Figure 1. mGluR-activation induces HT bursting at α/θ frequencies in TC neurons

A. Top: intracellular recordings form a cat LGN TC neuron in vitro showing basic burst (left) and tonic (right) modes of firing following the injection of a brief positive current step elicited from −70 mV and −60 mV, respectively. Bottom: application of the mGluR agonist, trans-ACPD (100 μM), brings about a third mode of firing termed HT bursting. B. Whole-cell patch clamp recording from a rat VB TC neuron in vitro exhibiting HT bursting in the presence of 25 μM trans-ACPD. The underlined sections are expanded below and show HT bursting at two different levels of steady injected current as indicated. C. Top: intracellular recording of mGluR-induced HT bursting in a cat LGN TC neuron in vitro. The trace to the right is an enlargement of a single HT burst which shows evidence of dendritic Ca²⁺ spike involvement as well as small spike ADPs (see arrowheads). Bottom: following a block of action potentials with 1 μM TTX, dendritic Ca²⁺ spikes become clearly evident. D. Intracellular recording of a cat LGN TC neuron in vitro in the presence of 0.5 mM Ba²⁺ showing activity that is essentially indistinguishable from mGluR-induced HT bursting. Again, the underlined sections are expanded below and show Ba²⁺-induced bursting at two distinct levels of steady injected current as indicated.

Figure 2. HT bursting can also be instated by mAchR activation but with distinct properties to those induced by mGLuR-activation

A. Left traces: intracellular recordings from an LGN TC neuron in control conditions in vitro at different levels of steady injected current show conventional tonic firing. Right traces: following Cch application the output of the neuron at depolarized membrane potentials becomes characterised by rhythmic HT bursts. B. left traces: HT bursting in another LGN TC neuron induced by Cch application in vitro. Right traces: addition of the mAchR antagonist pirenzipine (Pzp) converts HT bursting to conventional tonic firing.

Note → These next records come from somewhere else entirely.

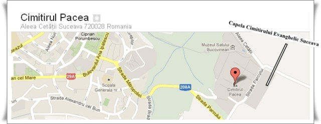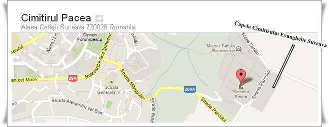 Reprezentanţii bisericilor evanghelice din municipiul Suceava au ajuns la un consens în ce priveşte modul în care va arăta Capela Cimitirului Evanghelic. Construcţia Capelei se va face pe terenul alocat pentru aceasta în proximitatea Cimitirului Pacea din Suceava. Daniel Drăgoi este încrezător ca proiectul va fi implementat în cel mai scurt timp posibil pentru ca bisericile evanghelice din municipiu să aibă cimitirul lor.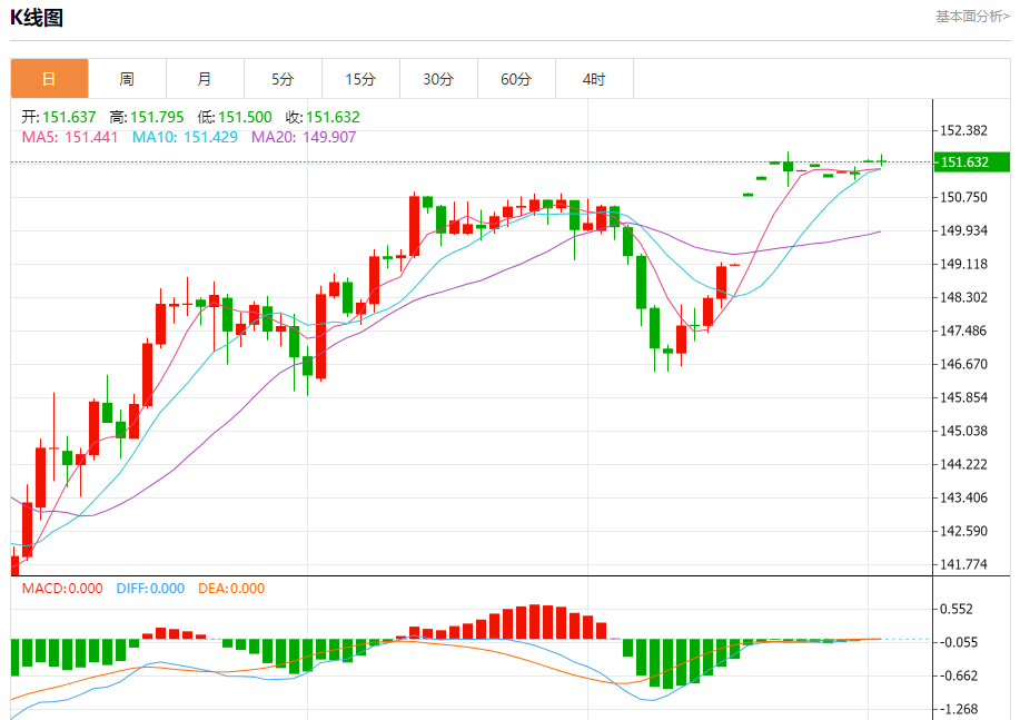 今天的预期交易范围在151.00支撑和152.50阻力之间。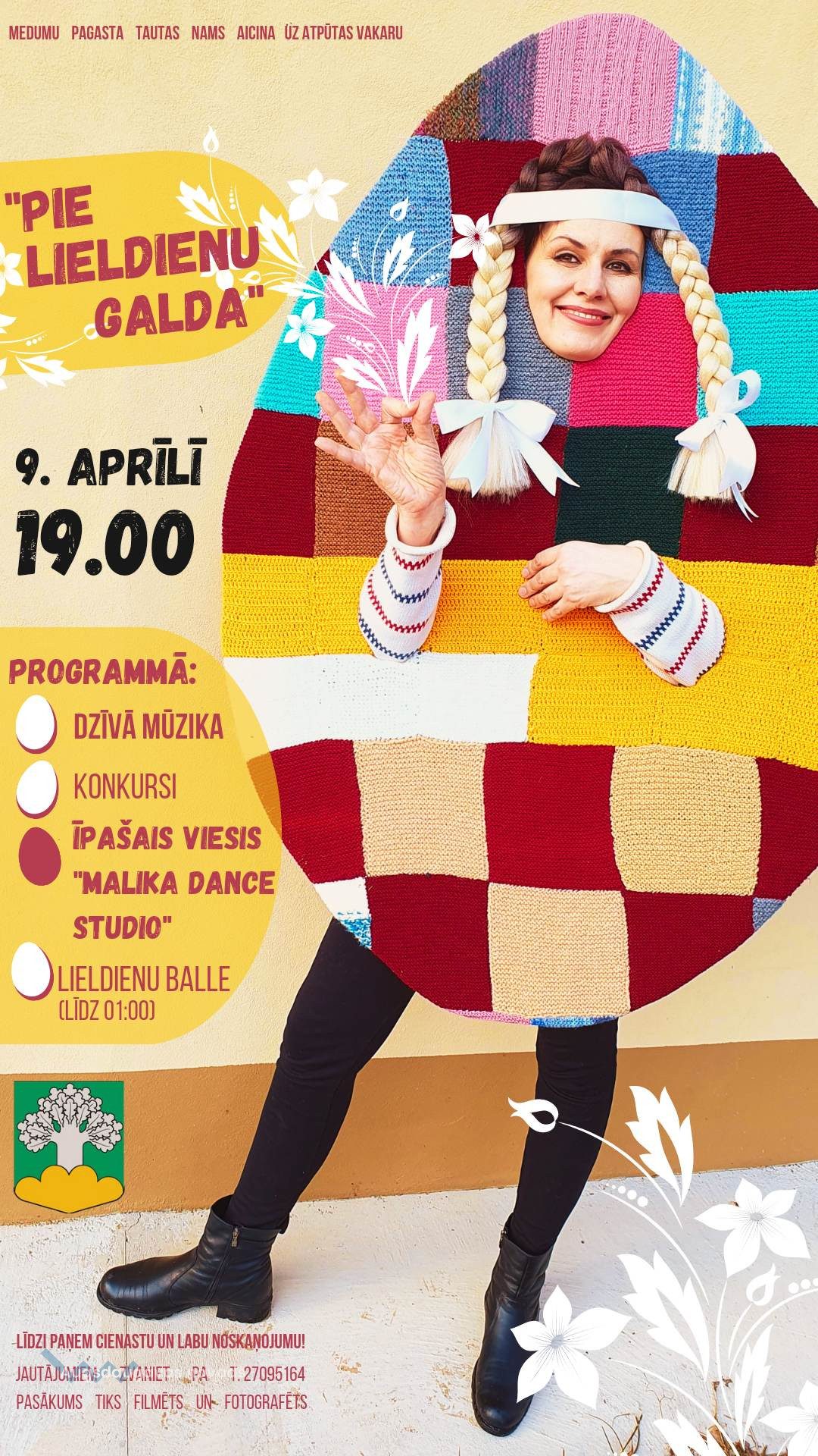 9. aprīlī plkst. 19.00 Medumu pagasta tautas nams aicina pieaugušos uz atpūtas vakaru “Pie Lieldienu galda”. Lieldienas ir svētki, kas ikvienam no mums saistās ar pavasara atnākšanu un dabas atmošanos, tāpēc aicinām jūs arī pamosties pēc ziemas un jauki pavadīt vakaru! Paredzēta dzīvā mūzika un aizraujošas vēderdejas ar īpašajiem viesiem no Daugavpils “Malika Dance Studio”. Paspēlēsim, pamēģināsim sevi aktieru lomā, pacīnīsimies par visstiprāko olu, kā arī padejosim līdz 01.00 . Līdzi droši ņemiet cienastu (kā arī stiprāko olu) un labu noskaņojumu!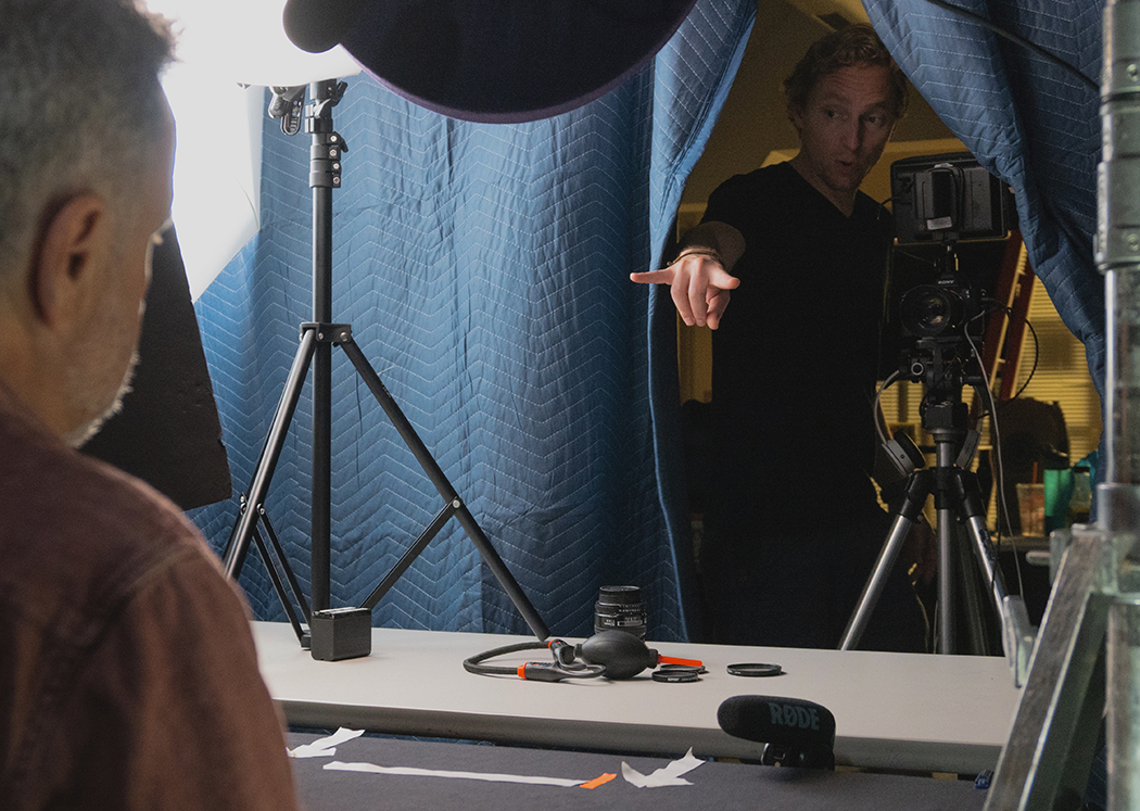 Director of photography Jason Rossi coaches Stephen DiRado on the set of “With Dad.” Photo by Maxwell Sacra ’20.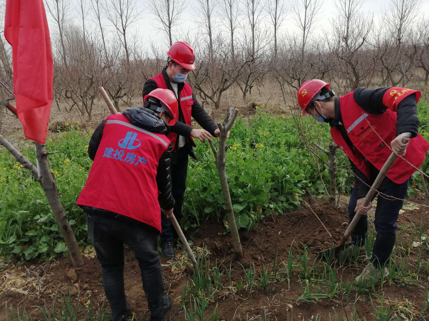 植樹添綠,青年行動。連日來,房地產(chǎn)公司早謀劃、早宣傳、早行動,以在建項目為單位,積極組織青年員工開展“義務植樹”活動。活動中,各項目部以小型、分散的方式,大家或兩人結(jié)對或三五人一組,扶苗、填土、培實、澆水,分工明確,相互配合,干勁十足。一鏟鏟泥土的填充,一滴滴汗水的流下,一棵棵樹苗的載種,公司廣大青年用實際行動傳播綠色希望。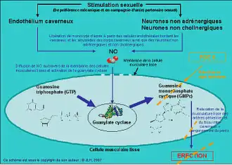 Stikstofmonoxide diffundeert naar de gladde spieren rondom de slagaders van de corpora cavernosa. Stikstofmonoxide is een vasodilaterend middel en activateert het enzym guanylaatcyclase (GC). Dit enzym zet het ribonucleotide guanosinetrifosfaat (GTP) om in cyclisch guanosinemonofosfaat (cGMP). Dit cGMP op zijn beurt doet het gladde spierweefsel van de zwellichamen van de penis verslappen.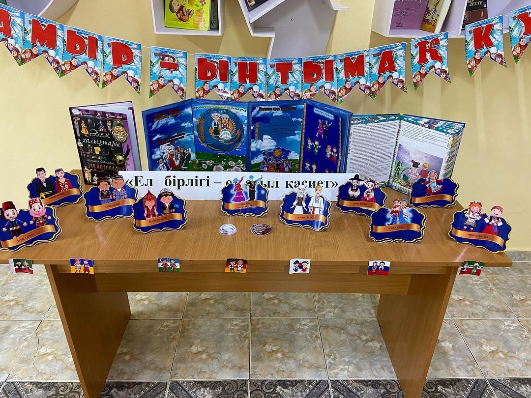 Қазақстанда тұратын барлық ұлттар мен ұлыстар еліміздің ашық аспаны мен көк туының астында бейбіт өмір кешуде. Кең байтақ еліміз Қазақстан алуан ұлтты бауырына басқан, бейбітшілік пен татулықты әлемге үлгі еткен, достық пен ынтымақ елі. 1 мамыр - Бірлік, татулық күніне орай мектеп кітапханашысы М.Джанова "Ел бірлігі- ең асыл қасиет" атты кітап көрмесін ұйымдастырды.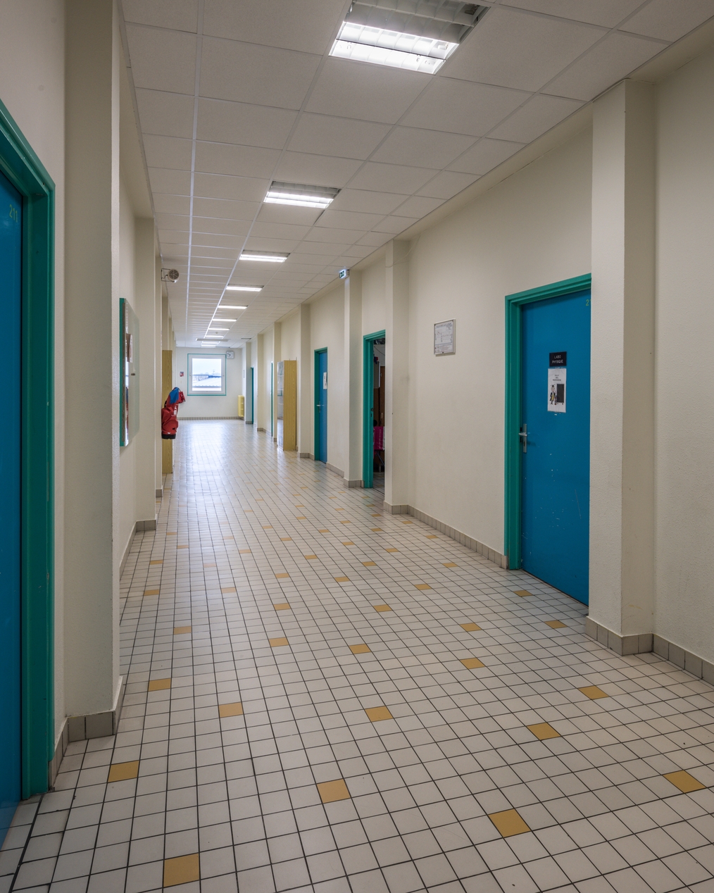 Dégagement de l'externat. Les classes sont distribué par un couloir central.Immatriculation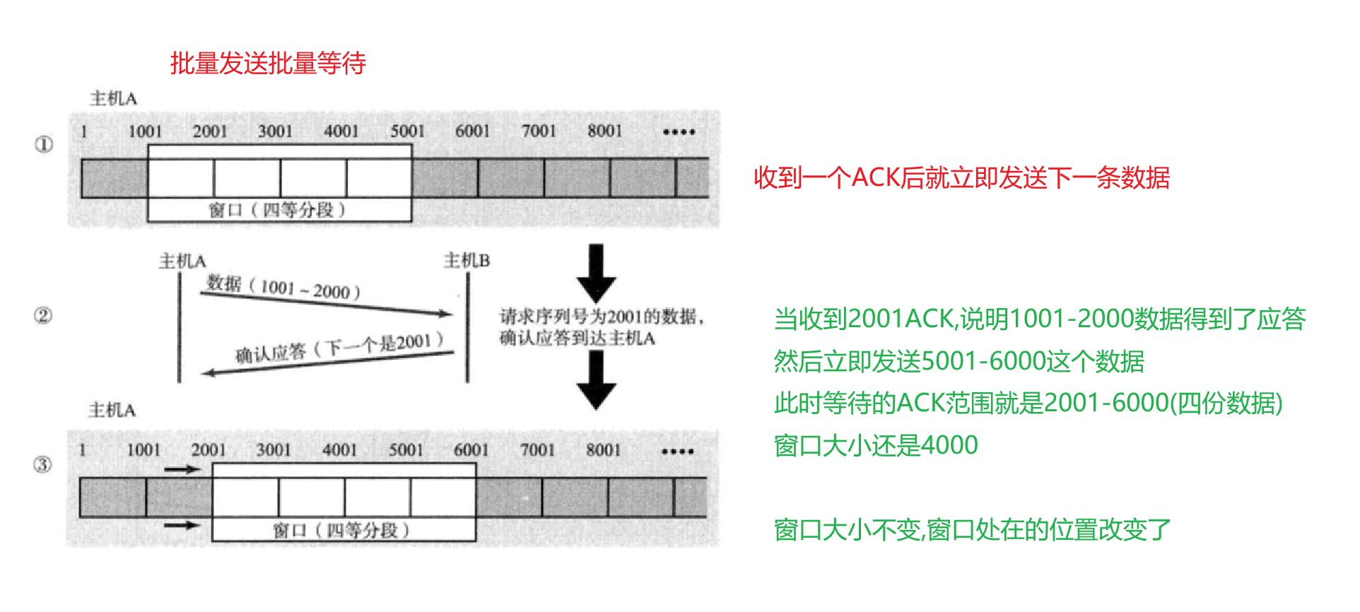 窗口大小指的是无需等待确认应答而可以继续发送数据的最大值,上图的窗口大小就是4000个字节(四个段).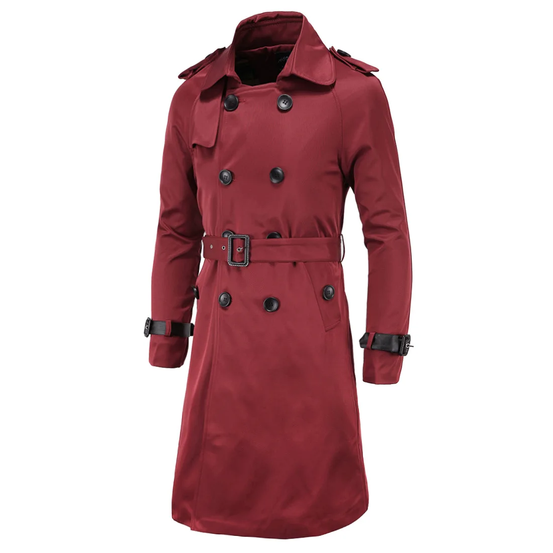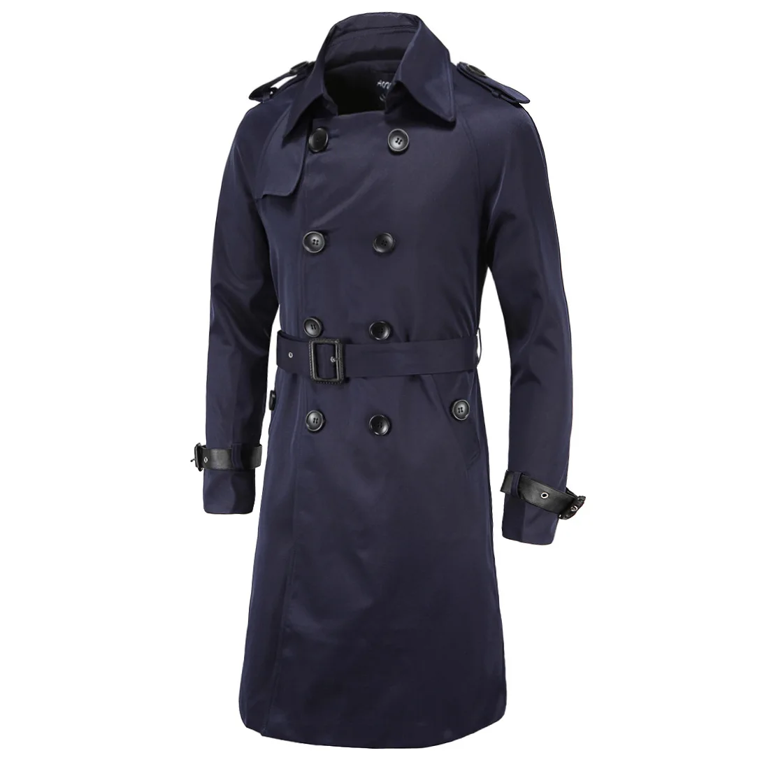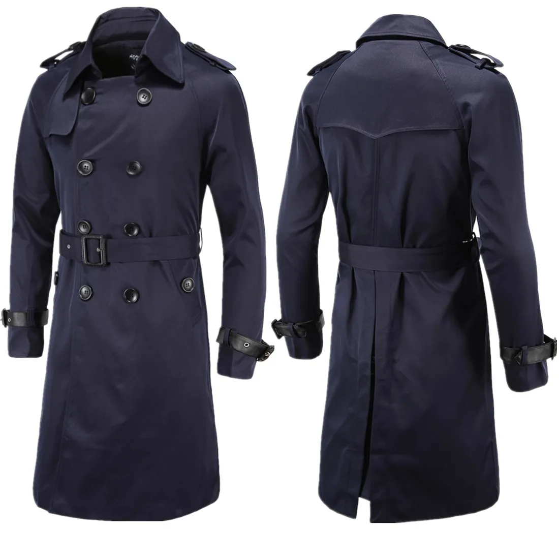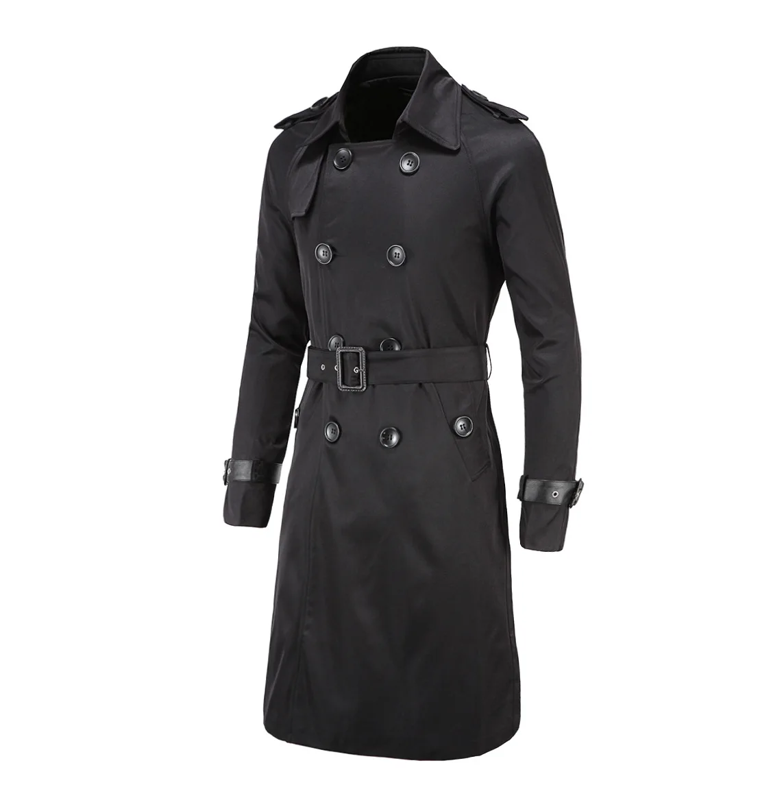 Мужской плащ, британский стиль, классический Тренч, куртка, двубортный, длинный, тонкий, верхняя одежда, регулируемый ремень, кожаный рукав, ремень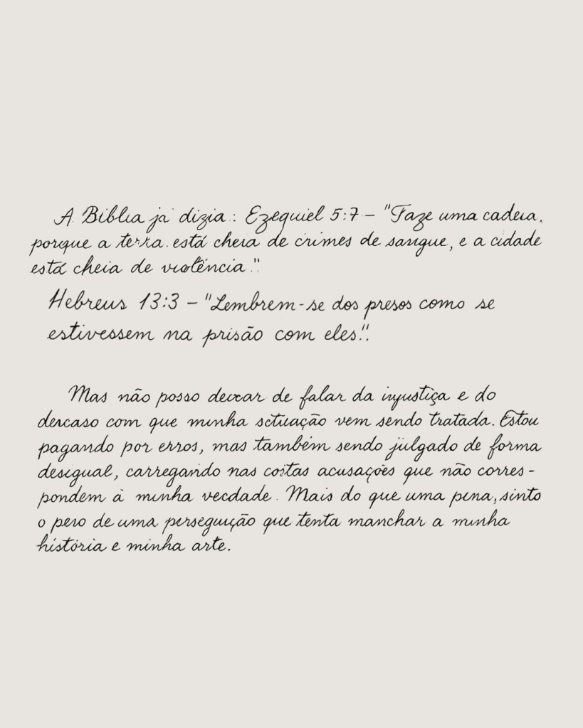 “Estou pagando por erros, mas também sendo julgado de forma desigual, carregando acusações que não correspondem à minha verdade. Mais do que uma pena, sinto o peso de uma perseguição que tenta manchar minha história e minha arte.”

The enlarged traces below reveal that mAchR-induced HT bursting is dependent on a prominent spike ADP which, unlike that present following mGluR activation (Fig.1C, top right), can drive additional action potentials. Note, however, the clear lack of involvement of dendritic Ca²⁺ spikes. Modified and reproduced from Lörincz et al. (2008) with permission.

Figure 3. The differences between mGluR- and mAchR-induced HT bursting can be explained by a distinct somatodendritic receptor distribution

Proposed scheme to explain the difference between mGluR- and mAchR-induced HT bursting. Top: mGluR1a receptors are located at distal sites, presumably close to the Ca²⁺ channels that underlie dendritic spike generation. Thus, suppression of K⁺ channels in this region facilitates the generation of Ca²⁺ spikes which then propagate to the soma where they interact with proximal Na⁺ channels to produce bursts of action potentials. Note that because the domain of influence of mGluR1a activation extends to the soma (red shaded bar), activating these receptors is able to depolarize the neuron sufficiently close to action potential threshold to facilitate bursting. Bottom: mAchRs are located at more proximal sites and are therefore unable to trigger distal Ca²⁺ spikes. However, they are ideally situated to enhance dendritic Na⁺ channel-dependent events, hence the appearance of a prominent spike ADP following activation of these receptors.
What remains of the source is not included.